• _PROMPT_
Below are entries. Give back exactly the lines from the one containing "A 3D scene featuring" through the one containing "Li-ion battery pack", inclusive, without the pictures.

(Source records)
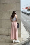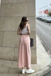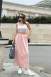 Kadın Pudra Beli Lastikli, Rahat Kalıp, Cepli Uzun Etek
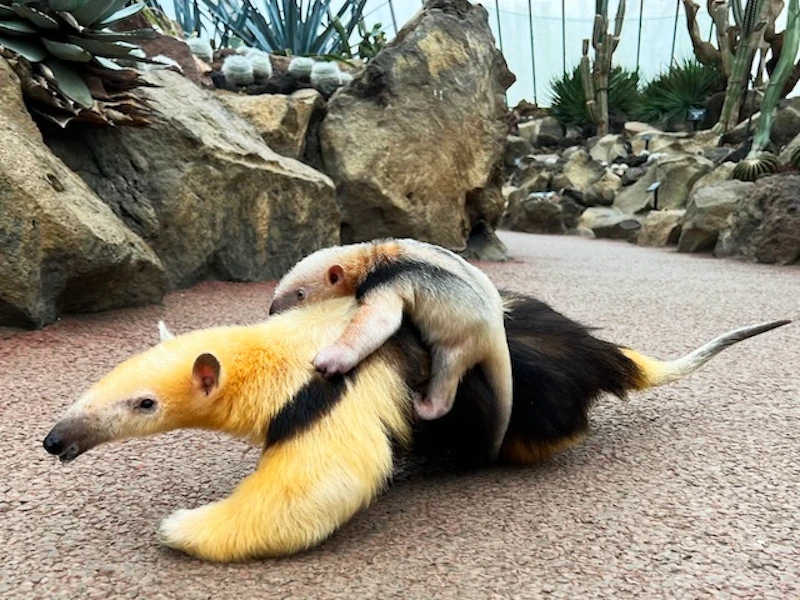 伊豆シャボテン動物公園の「シャボテン温室」内の展示場にて、ミナミコアリクイの赤ちゃんが2025年1月8日に1頭誕生しました。
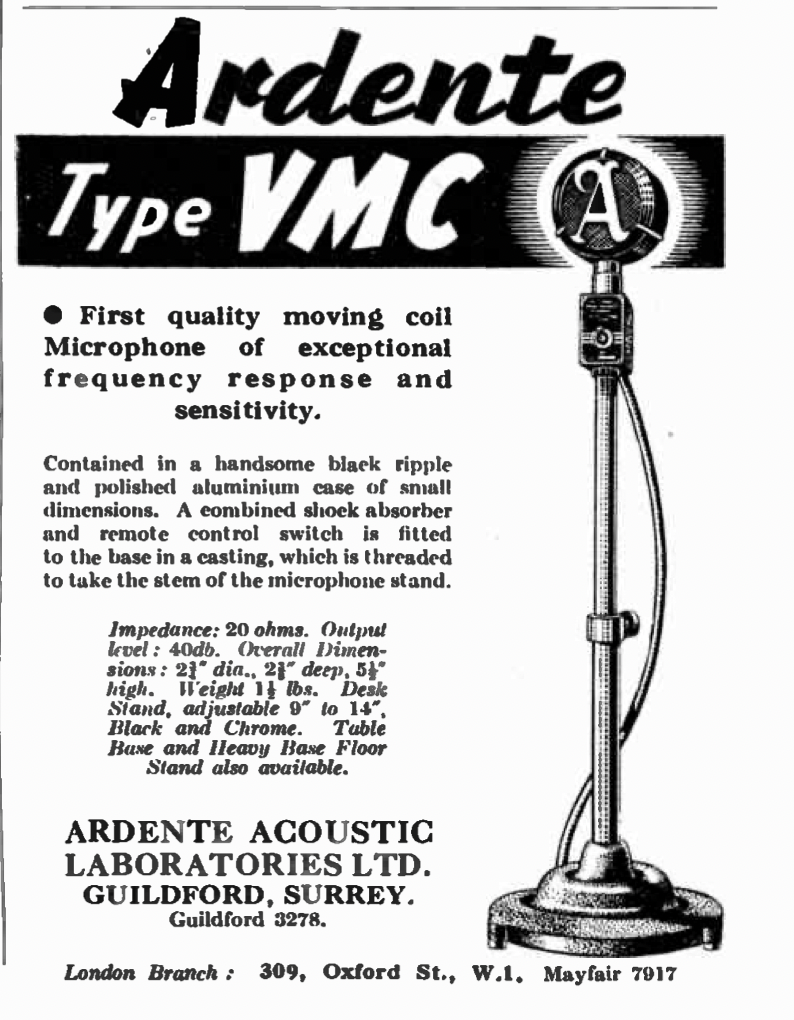 This is an early British ribbon microphone by Ardente Acoustic Laboratories, who had addresses in Oxford Street, London and Guildford in Surrey. Ardente were known for making public address equipment as well as hearing aids and speakers. The name 'Ardente' was derived from the company's founder, a Mr R H Dent.
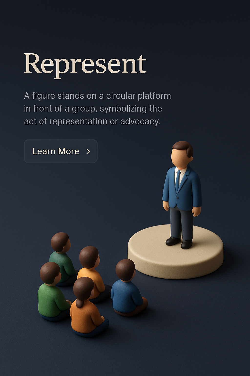 A 3D scene featuring a figure on a circular platform with an audience below. The dark gradient background enhances the visual appeal of the representation theme.
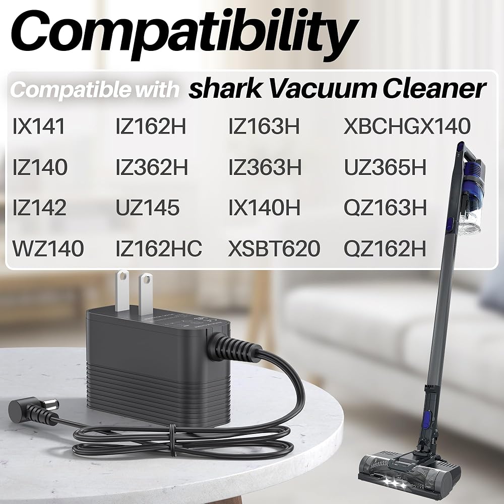 【Compatibility】The DC 24.8V charger for Shark vacuum cleaner DK33-248080H-U, fits for Shark Rocket Pro vacuum charger cord compatibles with Shark IZ531H IZ530 IZ500 UZ565H IZ563H IZ562H IZ560 IZ530 IZ540 IZ540H IZ541H IZ162H IZ163H QZ162H QZ163H IZ140 IZ140C IZ142 IZ163 UZ145 WZ140 ; fits for Shark UZ365H IZ361H IZ362H IZ363HT cordless handheld vacuum ac adapter for Shark Rocket cordless stick vacuum IX140, fits for Shark IX141 pet cordless stick vacuum; This cordless vacuum charger ONLY use to charge for shark cordless vacuum charger XBCHGX140 21.6V 1900mAh XSBT600 XSBT620 Li-ion battery pack
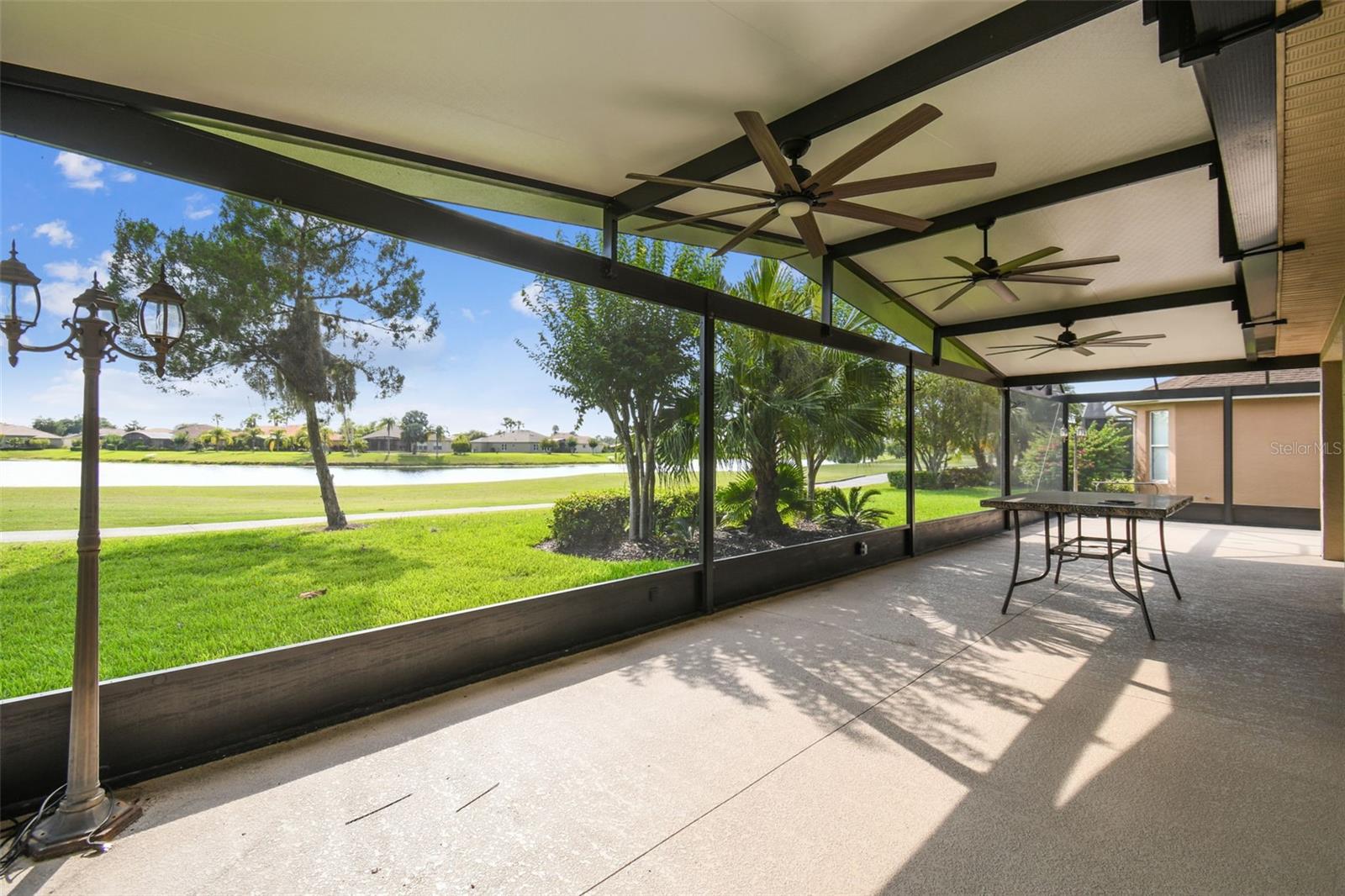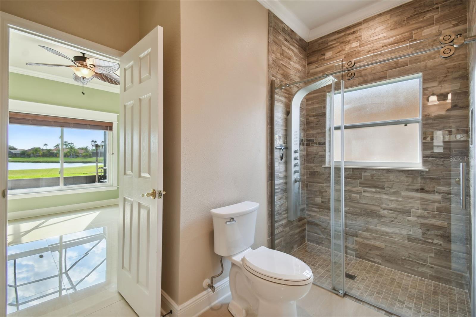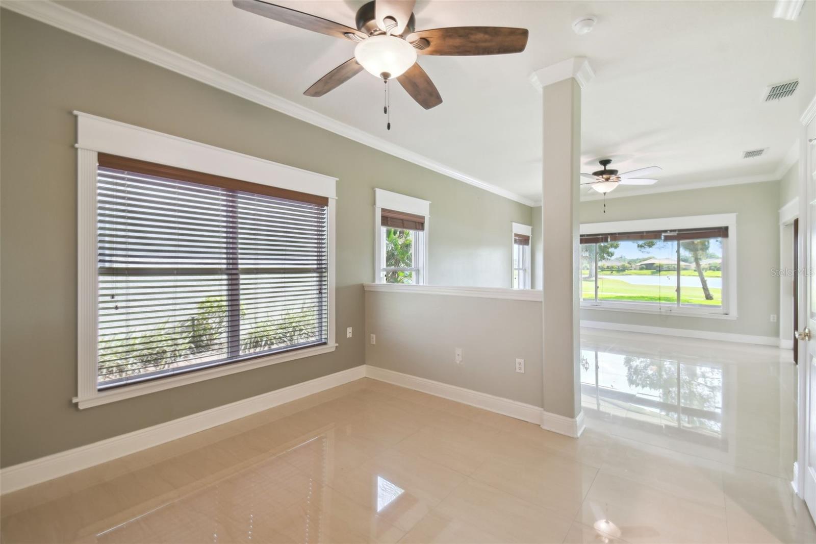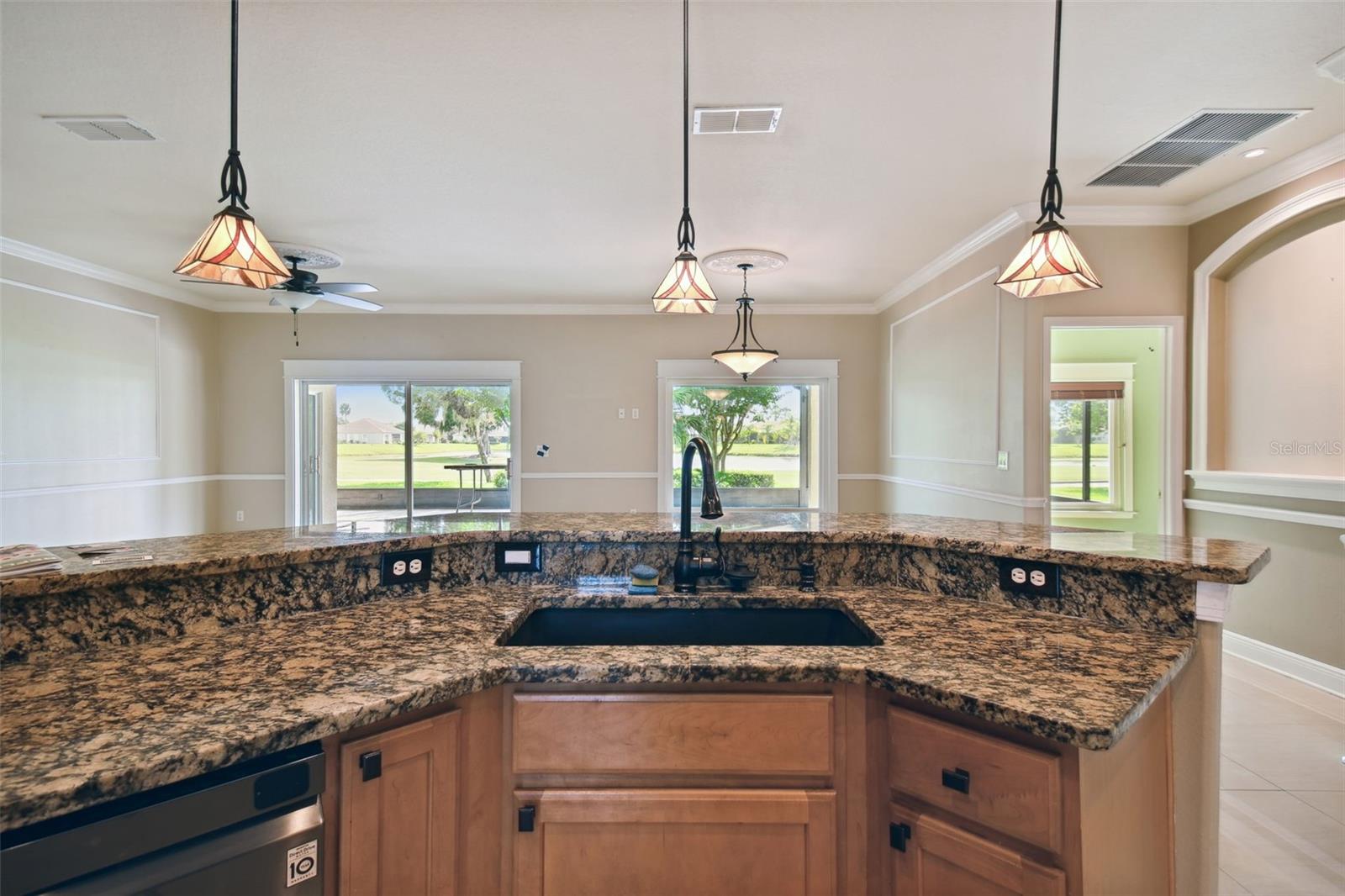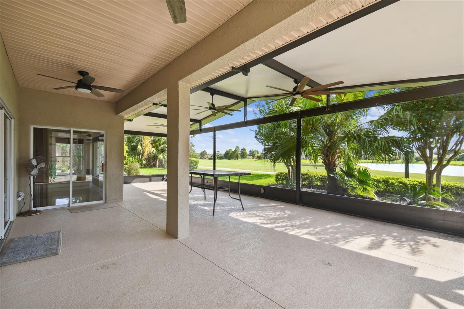 Check out this beautiful and well maintained Savoy model. This home is loaded with upgrades. Starting in the Kitchen you have 42" wood cabinets with pull out drawers in bottom cabinets. Granite counter tops with glass backsplash. Stainless steel appliances upgraded in 2019. New frosted glass pantry and laundry doors. New garbage disposal. Laundry room is off the Kitchen with washer / dryer and upper cabinets for convenience. Chair rails in living area. New 5 1/4" baseboards, Crown Molding and rounded corners throughout this home. New large moldings around the newly installed windows (2020), Picture window in Dining room and picture / sliders in Master bedroom and 2nd bedroom. The Master bathroom, Jack and Jill bathroom and the 1/2 bathroom have all been beautifully and thoughtfully remodeled. 24x24 Porcelain tile in every room. All newer installed ceiling fans and light fixtures. Pelican water softener installed in 2020. Water heater replaced in 2022. Take stunning photographs or just lounge on the expansive Lanai (added in 2018) that overlooks the gorgeous Golf course and Pond. A/C replaced in 2020. Roof replaced in 2017. Solar Panels installed in 2020 (will be paid off in full at closing). Electric bill is $33.87 each month.....Seller is motivated.....Call to view this incredible Home that could be yours in 2024.

• _FINISHED EXERCISE_
 A 3D scene featuring a figure on a circular platform with an audience below. The dark gradient background enhances the visual appeal of the representation theme.
 【Compatibility】The DC 24.8V charger for Shark vacuum cleaner DK33-248080H-U, fits for Shark Rocket Pro vacuum charger cord compatibles with Shark IZ531H IZ530 IZ500 UZ565H IZ563H IZ562H IZ560 IZ530 IZ540 IZ540H IZ541H IZ162H IZ163H QZ162H QZ163H IZ140 IZ140C IZ142 IZ163 UZ145 WZ140 ; fits for Shark UZ365H IZ361H IZ362H IZ363HT cordless handheld vacuum ac adapter for Shark Rocket cordless stick vacuum IX140, fits for Shark IX141 pet cordless stick vacuum; This cordless vacuum charger ONLY use to charge for shark cordless vacuum charger XBCHGX140 21.6V 1900mAh XSBT600 XSBT620 Li-ion battery pack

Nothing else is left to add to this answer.